Lonely Number (Main Thread)

Community

Start a Thread

Filters

All Threads

Answered

Unanswered

By Category

All

Career

Challenges

Feedback

General

Notifications

Subscribe You’re not receiving notifications from this thread.

Here is the interview question prompt, presented for reference.

In a given array of numbers, one element will show up once and the others will each show up twice. Can you find the number that only appears once in O(n) linear time? Bonus points if you can do it in O(1) space as well.

lonelyNumber([4, 4, 6, 1, 3, 1, 3])
// 6

lonelyNumber([3, 3, 9])
// 9

Constraints

Length of the array <= 100,000
The values of the array will be between -1,000,000,000 and 1,000,000,000

You can see the full challenge with visuals at this link.

Challenges • Asked over 5 years ago by Anonymous

Jake from AlgoDaily Commented on Aug 12, 2019:

This is the main discussion thread generated for Lonely Number.

Anonymous Commented on Aug 12, 2019:

Using delete on an object does not appear to work as intended. Running with an odd number of multiple appearances, like console.log(lonelyNumber([4, 4, 6, 1, 1, 3, 1, 3])); returns 1 instead of the expected 6. I could not reduce the problem beyond setting to true or false if more than one, and then finding the first key with value of true. There is no built in method for this and it is potentially slow (?).

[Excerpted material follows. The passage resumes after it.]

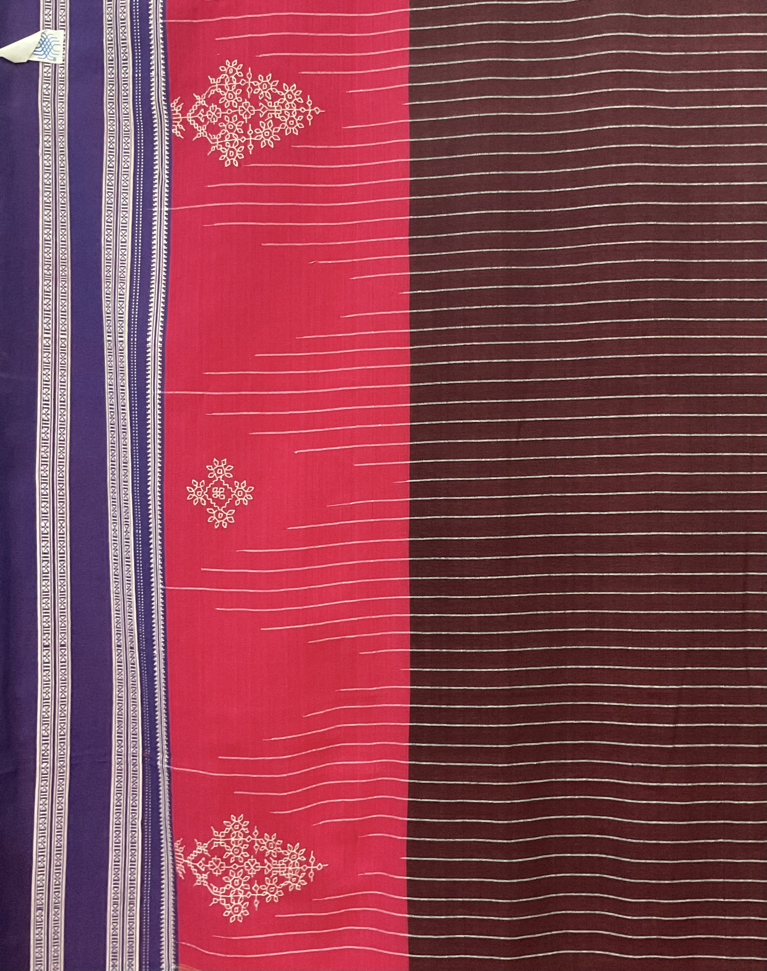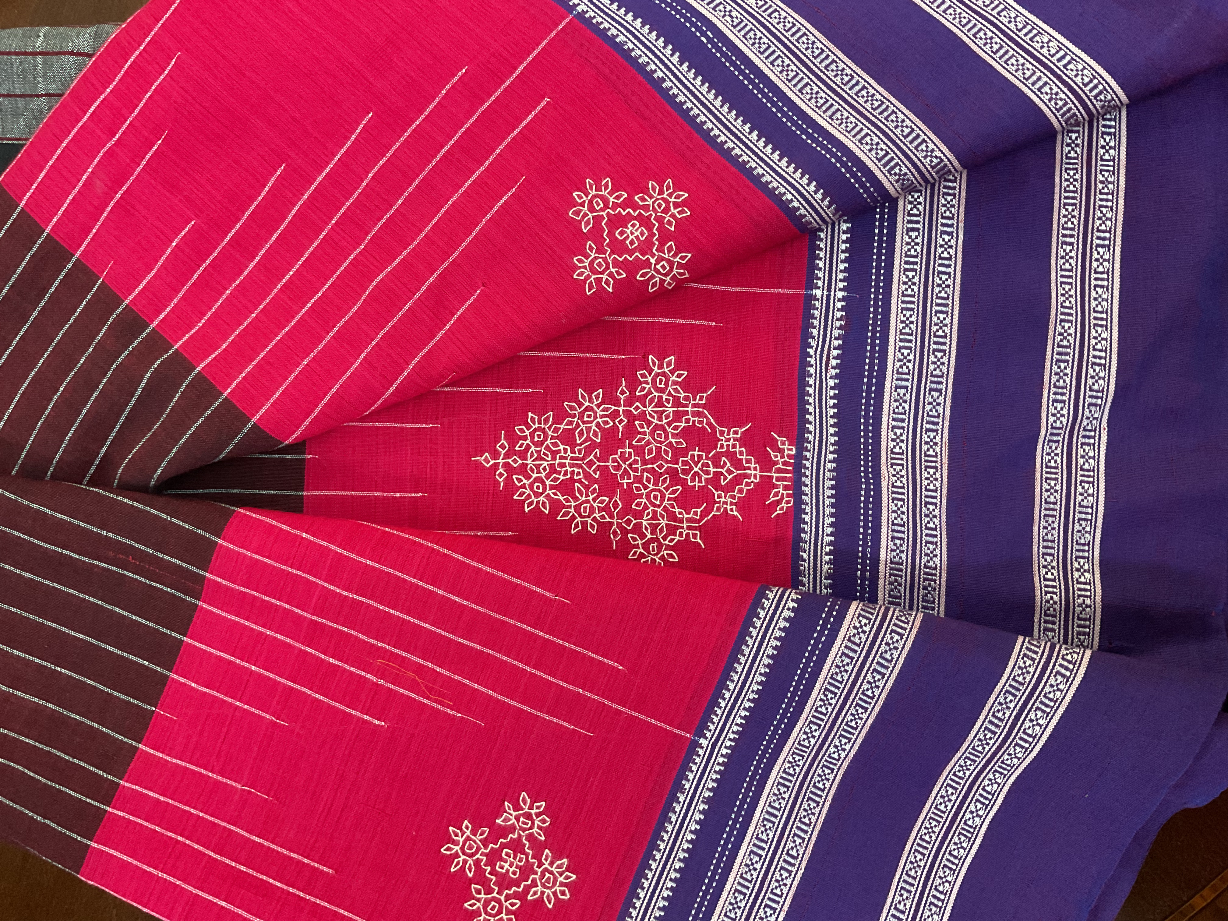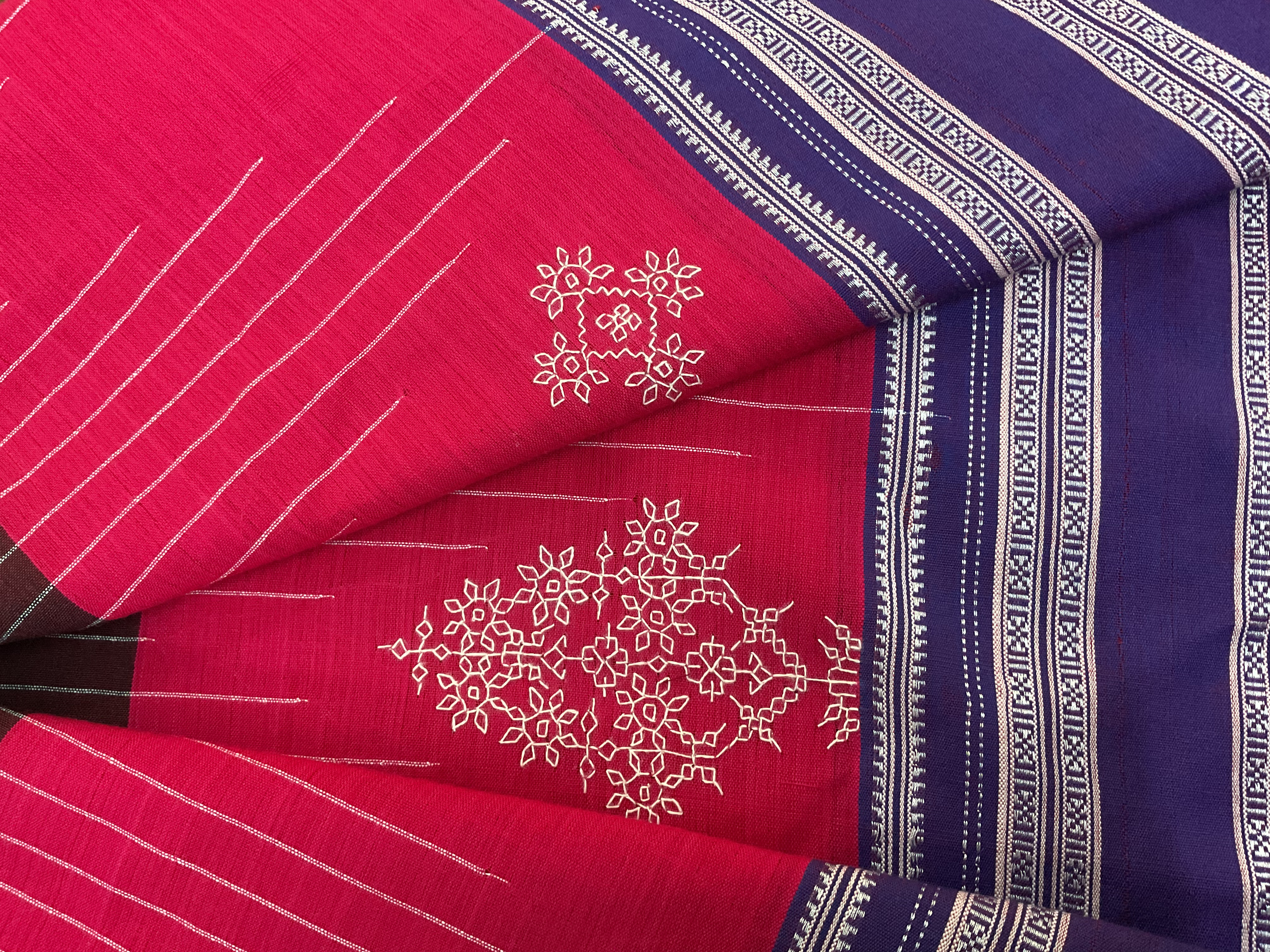 Dark Pink Ilkal Cotton Saree With Handmade Kasuti

Jake from AlgoDaily Commented on Nov 19, 2019:

Hi,

Your example has 1 appearing 3 times, so the 3rd time, it gets added back to the array.

I've added a note: "Note that this only works if the rest of the numbers show up an even number of times. This is because if a number shows up three or more times, you'll end up adding it back to the hash map."

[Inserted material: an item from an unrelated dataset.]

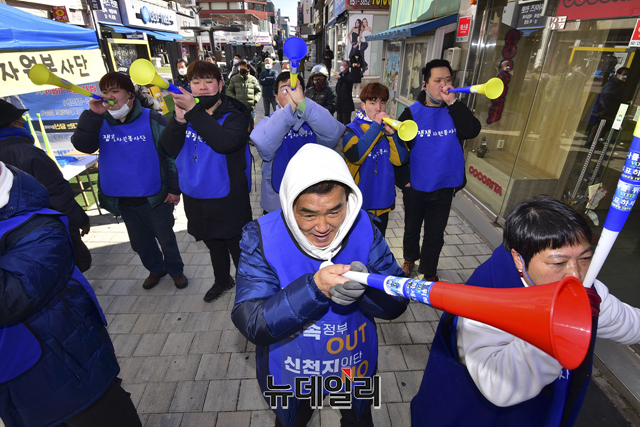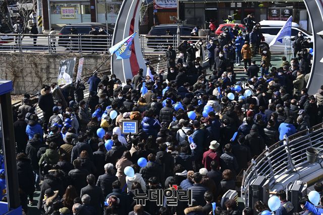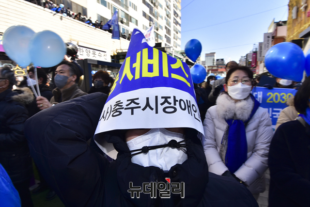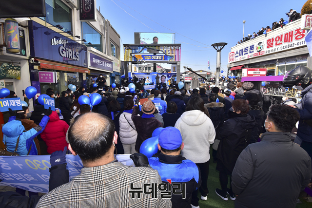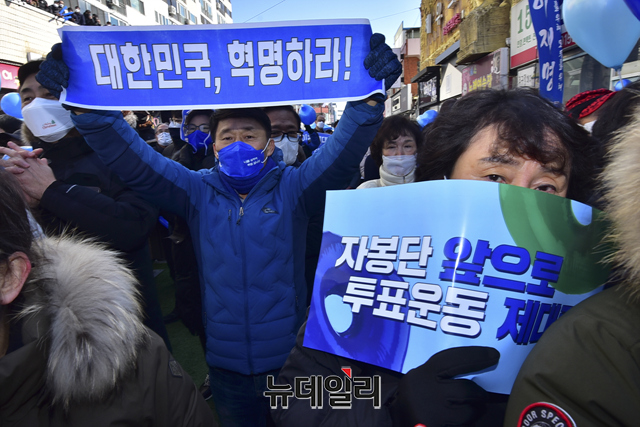 '청와대를 굿당으로 만들 순 없습니다!'가 새겨진 마스크를 쓴 이재명 더불어민주당 대선후보의 지지자가 24일 오전 충북 충주시 젊음의거리 유세 현장에서 이 후보를 응원하고 있다. (충북 충주=강민석 기자)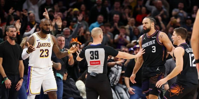 激しい試合展開以上に注目を浴び物議を醸しているのが、サンズの“悪役”ディロン・ブルックスの行動である。サンズが5点のリードを保っていた第4クォーター残り41秒、3ポイントを放ったステフィン・カリーに対しシュートチェックに飛んだブルックスはカリーの腹部に向かって腕を振り当てた。ブルックスの腕は肋骨付近にあたりカリーはその場でコートに倒れ込み、ブルックスにフレイグラント・ファウルが宣告された。

Anonymous Commented on Jan 09, 2020:

[deleted]

Tonya Sims Commented on Feb 19, 2020:

What about using the count function? Isn't it still 0(n)?

def lonely_number2(arr):
for item in arr:
if arr.count(item) == 1:
return item

Anonymous Commented on Mar 25, 2020:

[deleted]

Jacob Danner Commented on Jan 02, 2021:

This was the most helpful explanation of XOR I've read, still not sure I'd pull this out in an interview but it makes this bitwise operations seem much more accessible! Thanks!

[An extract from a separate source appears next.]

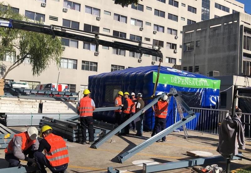 Frente al coronavirus COVID-19, el Municipio de San Isidro construye dos módulos sanitarios de emergencia en las inmediaciones del Hospital Central y el de Boulogne.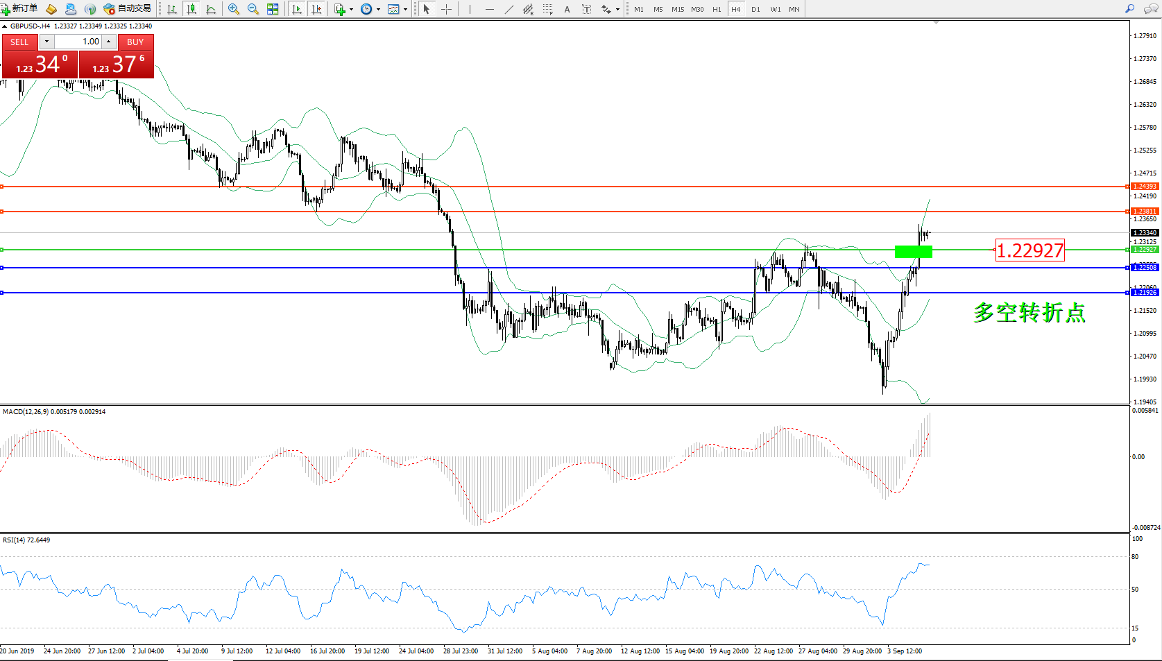 交易策略:1.22927上方看涨,目标1.238111.24393

Jake from AlgoDaily Commented on Jan 02, 2021:

So happy to hear that, Jacob :-) Check out https://algodaily.com/lessons/bitwise-operators-and-bit-manipulation-for-interviews for even more fun with bit manipulation!

Vits94 Commented on Feb 18, 2021:

How about using Math to solve the problem:-
Idea -> 2 * (a + b + c) - (a + a + b + b + c) = c

Code:
public int lonelyNumber(int[] nums) {
int sumOfNums = 0, sumOfSet = 0;
Set s = new HashSet<>();

for(int x : nums) {
if (!s.contains(x)) {
s.add(x);
sumOfSet += x; // set will contain only unique elements from given array
}
sumOfNums += x;
}
return 2 * sumOfSet - sumOfNums;

}

Oliver Price Commented on Jun 12, 2022:

I like the solution you suggested but I generally prefer more intuitive solutions that would be slightly easier for an observer to unpack.

This solution isn't quite O(n) time complexity because it uses a sort but it is O(1) space complexity. In terms of absolute time to run, it's pretty much exactly the same as your bitwise solution (sometimes slower, sometimes faster).

Order the list
Loop through the ordered list a. If a number if surrounded by two different ones, then return it b. Otherwise, go to the next number along

SNIPPET

def lonelyNumber(nums):
    nums.sort()
    for i, num in enumerate(nums):
        if i == 0:
            if nums[1] != num:
                return num
        elif i == len(nums) - 1:
            if nums[i - 1] != num:
                return num
        else:
            if nums[i - 1] != num and nums[i + 1] != num:
                return num

My only issue with it is that it uses a lot of if statements which I generally try to avoid for readability purposes.